Suppose you are an analyst in the oil refinery industry

Suppose you are an analyst in the oil refinery industry and are responsible for estimating the equilibrium price and quantity of home heating oil. To do so, you must consider factors that can affect the supply of and demand for heating oil.

Determinants of the demand for heating oil include household income, the price of an oil furnace (a complementary good for heating oil), and the price of natural gas (a substitute good for heating oil). Determinants of the supply of heating oil include the cost of crude oil and the cost of refining crude oil into home heating oil.

Use the calculator to help you answer the following questions. You will not be graded on any changes you make to the calculator.

(Note: Once you enter a value in a white field, the graph and any corresponding amounts in each grey field will change accordingly.)

Initially, the price of natural gas is $10 per 1,000 cubic feet, the price of an oil furnace is $2,000, the average annual household income is $40,000, the cost of crude oil is $25 per barrel of heating oil, and the cost of refining oil is $15 per barrel of heating oil.

The equilibrium quantity in this market is_________________ thousand barrels of heating oil per day, and the equilibrium price is $____________________ per barrel.

Suppose that the cost of crude oil decreases from $25 to $20 for each barrel of heating oil produced.
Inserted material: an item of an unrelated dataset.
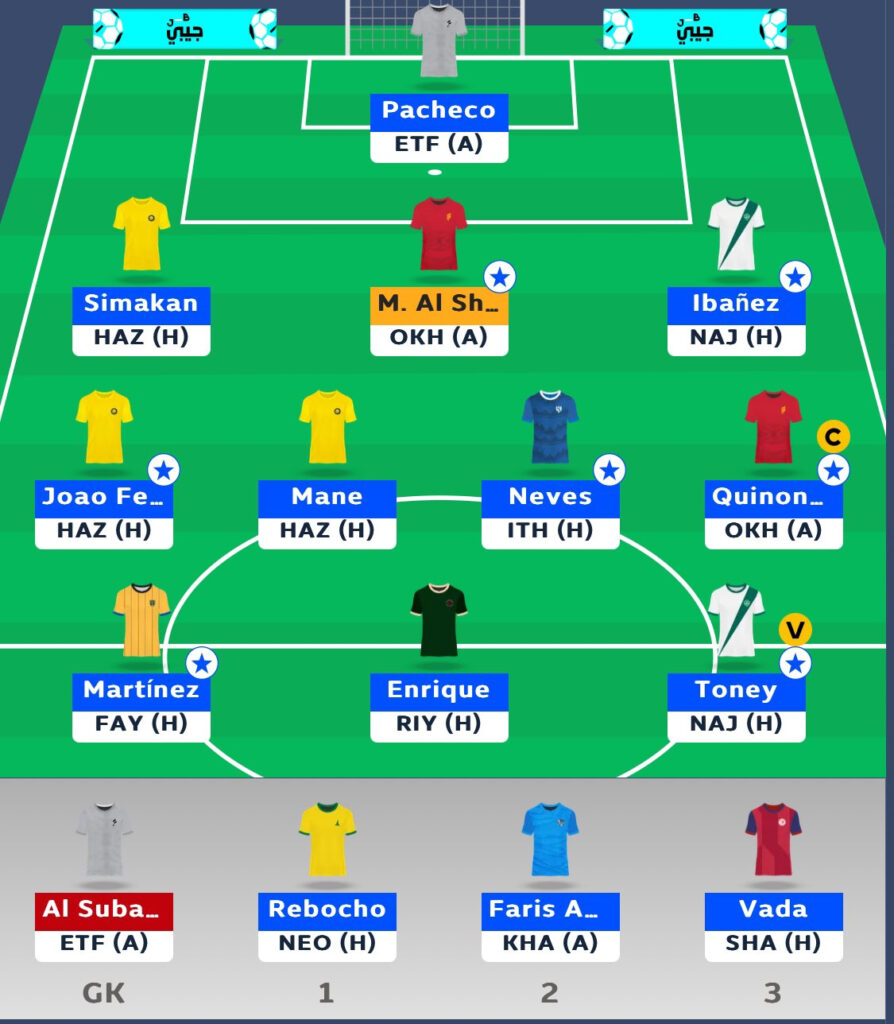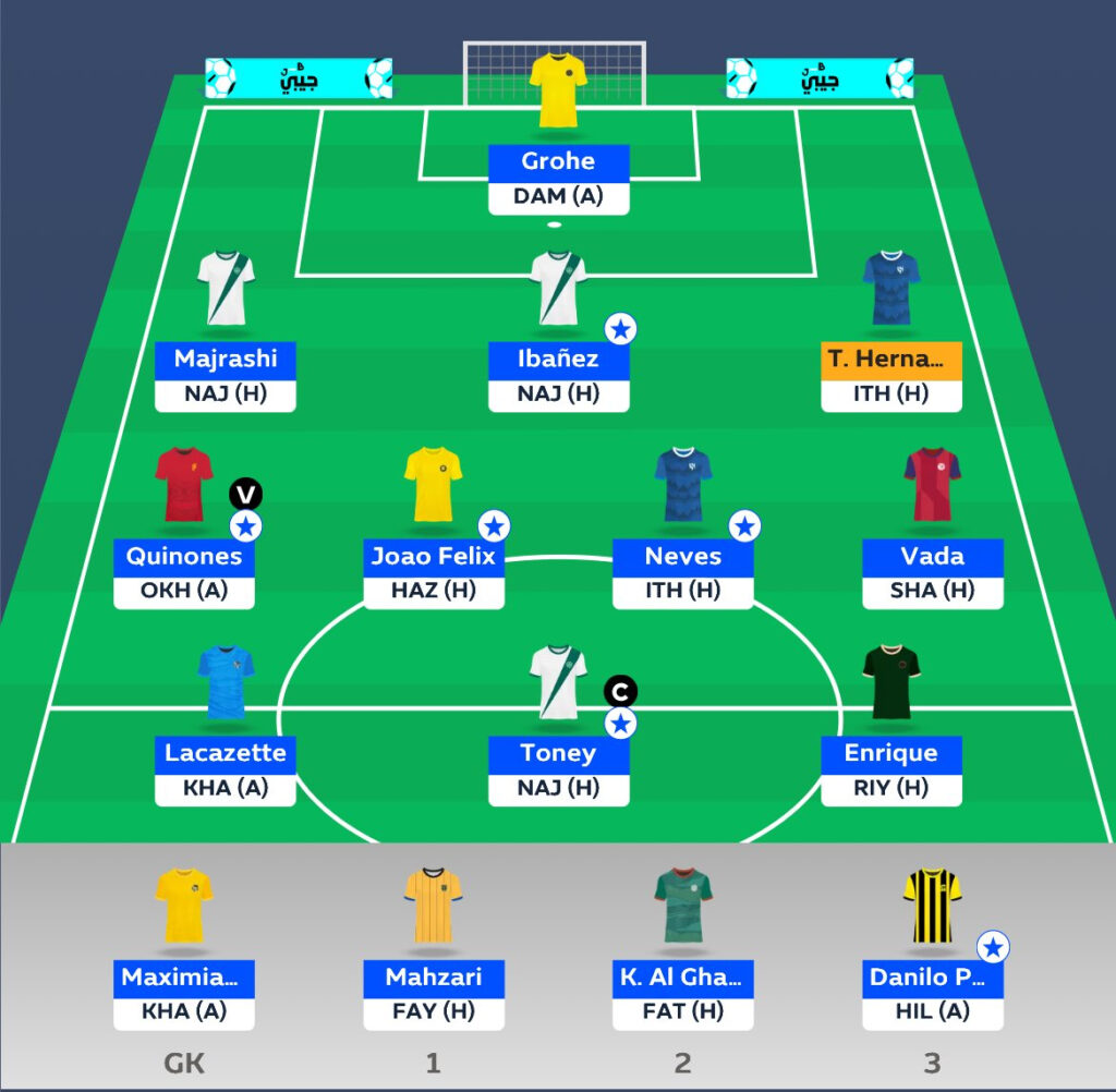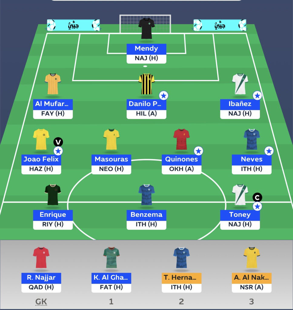 - At the back, I line up with Roger Ibañez, Danilo Pereira, Álvarez and Saad Balobaid. There’s clean-sheet potential across the board, plus threat from set pieces.

Assuming that the rest of the determinants of supply and demand for heating oil remain equal to their initial values, the market will eventually reach a new equilibrium price of $ ___________________per barrel.

Reset the calculator to its initial values. (Hint: When you click in the box of any changed values, you will see a circular arrow to the left of the box that enables you to reset numbers to their initial values.)

Suppose that instead of a change in the cost of producing heating oil, there was an increase in average annual income from $40,000 to $50,000. If the price of heating oil were to remain at the initial equilibrium price you found in the first question, there would be ( a shortage or supply or a surplus) of heating oil, which would exert (downward or upward) pressure on prices.